In modern conditions, in many countries, the emission increases, which exceeds the actual needs of turnover. This leads to inflation – the overflow of the sphere of circulation with banknotes in excess of the real needs of the national economy and to their depreciation. During inflation, paper money depreciates against gold, commodities and foreign currencies, as a result of which there is an increase in the market price of gold in paper money in the first case; in the second, rising prices of goods; in the third – the depreciation of the national currency in relation to foreign monetary units.

Theories of money. There are various theories of money. One of them is metallic. This theory identifies money with precious metals. According to its supporters (mercantilists), gold and silver are money by nature, due to their natural properties. They recognize money only as a measure of value, treasure and world money, which are performed by precious metals.

Nominalistic theory considers money to be signs of value, conventional units of account. The most detailed nominalist theory of money is presented by the German economist G.F. Knapp in his book “The State Theory of Money”. In this book, the so-called state theory of money was put forward, according to which money was considered as a product of state power and legal relations. Paper money, in his opinion, is a legally established means of payment. Their purchasing power is determined by the state.

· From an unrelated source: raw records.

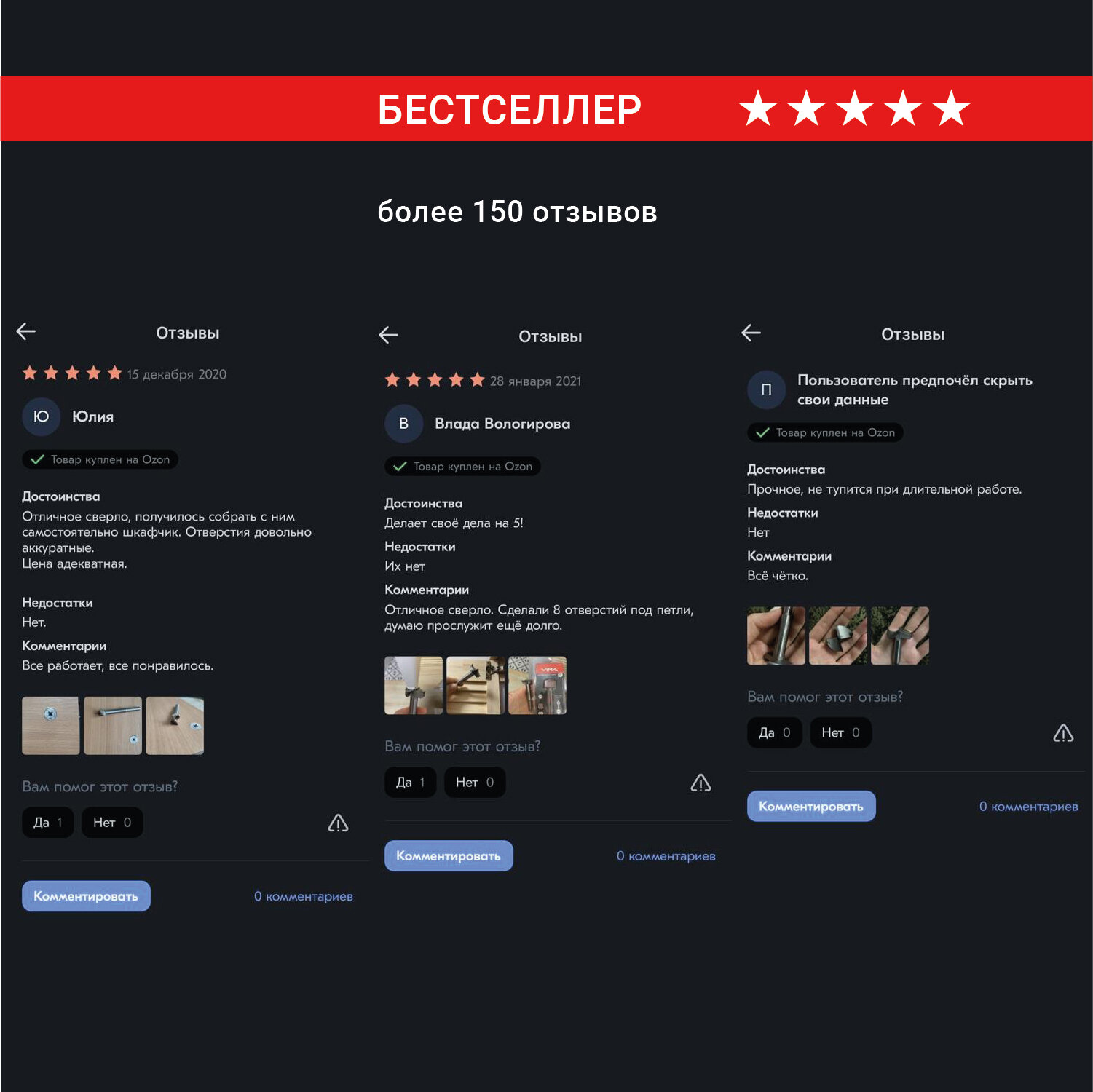 | Отзыв: | Подходит под сверления отверстия мебельного эксцентрика |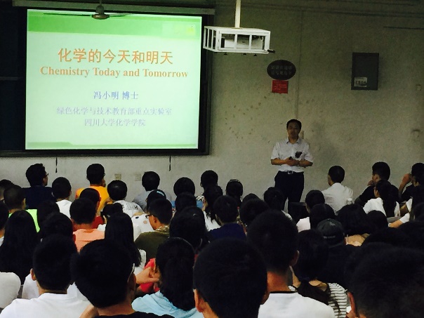 冯院士首先通过许多具体事实数据和自己的亲身经历为同学们讲解了化学在生产生活中的重要性,深入浅出,娓娓道来。接下来,冯院士介绍了他所专攻十余年的研究领域——手性化学。他幽默风趣的介绍使同学们深深地感到了化学和手性的魅力。最后,冯院士语重心长地对同学们提出了刻苦学习以外的要求,即做人的准则。他认为大学四年将极大程度地决定人的一生,他希望同学们能够严肃认真对待学习生活,严格要求自己,实现自己由高中到大学如蛹化蝶的作为成人的蜕变。冯院士引用一些时事,要求同学们肩负起祖国赋予我们的历史责任,勉励同学们把创新成为一种素质,为人类的发展领跑。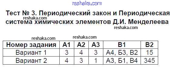 Решака - онлайн ответы Химия Стрельникова за 9 класс Контрольно-измерительные материалы (КИМ) ФГОС 2017 - Тест №3. Периодический закон и Периодическая система химических элементов Д.И. Менделеева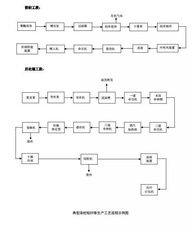 涤纶与粘胶的典型生产工艺流程整理如下:

The quantitative theory of money is reduced to the fact that the value of money is inversely dependent on their quantity, i.e. the more money, the lower its value. Proponents of this theory state that before appearing on the market, money has no value, and goods have no price. And only here one or another ratio of the mass of gold and goods determines their value and price.

The theory of “regulated currency” is a combination of the basic provisions of the nominalistic and quantitative theory of money. Its representative, J. M. Keynes, praises paper money, seeing its advantage in the fact that the amount of money in circulation can be determined by the state. In regulating the amount of money in circulation, J. S. Miller was a member of the Country. M. Keynes sees a means of normalizing the level of commodity prices, wages, and eliminating unemployment.

If in the XIX century. the main questions in monetary theory were the nature of money, its functions, the choice of the scale of prices and the structure of the monetary system, now the main questions have become the role of money in reproduction, the mechanism of influence of the money supply on economic growth and state policy in the monetary sphere. If in the XIX century. scientists were concerned primarily with the qualitative aspects of monetary theory, then in the XX century. – mainly quantitative relationships.